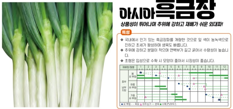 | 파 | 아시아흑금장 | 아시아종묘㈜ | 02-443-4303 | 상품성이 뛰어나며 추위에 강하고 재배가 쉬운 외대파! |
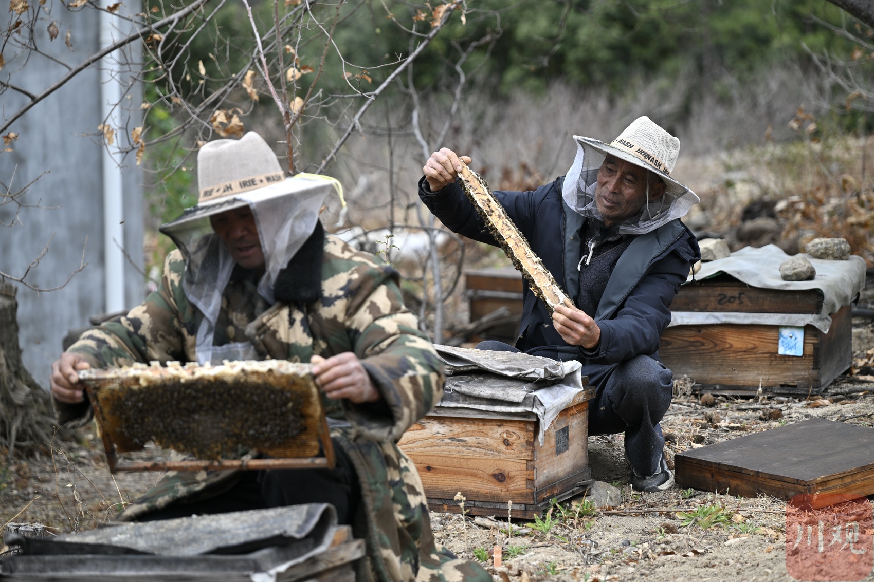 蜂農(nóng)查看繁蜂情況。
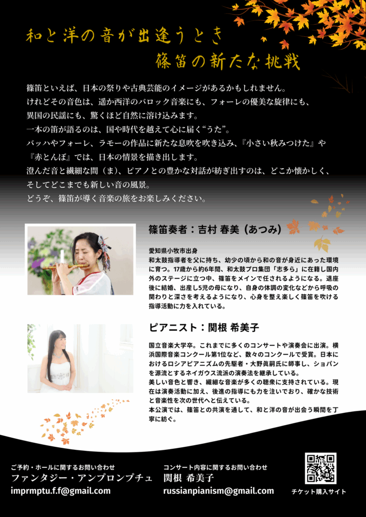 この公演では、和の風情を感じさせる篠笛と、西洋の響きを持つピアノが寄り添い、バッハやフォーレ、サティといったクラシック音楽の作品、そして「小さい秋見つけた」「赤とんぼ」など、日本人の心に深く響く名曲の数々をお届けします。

_Instructions to follow_
Transcribe the material exactly, and leave out whatever pictures it holds.

_Answer box_
 | 파 | 아시아흑금장 | 아시아종묘㈜ | 02-443-4303 | 상품성이 뛰어나며 추위에 강하고 재배가 쉬운 외대파! |
 蜂農(nóng)查看繁蜂情況。
 この公演では、和の風情を感じさせる篠笛と、西洋の響きを持つピアノが寄り添い、バッハやフォーレ、サティといったクラシック音楽の作品、そして「小さい秋見つけた」「赤とんぼ」など、日本人の心に深く響く名曲の数々をお届けします。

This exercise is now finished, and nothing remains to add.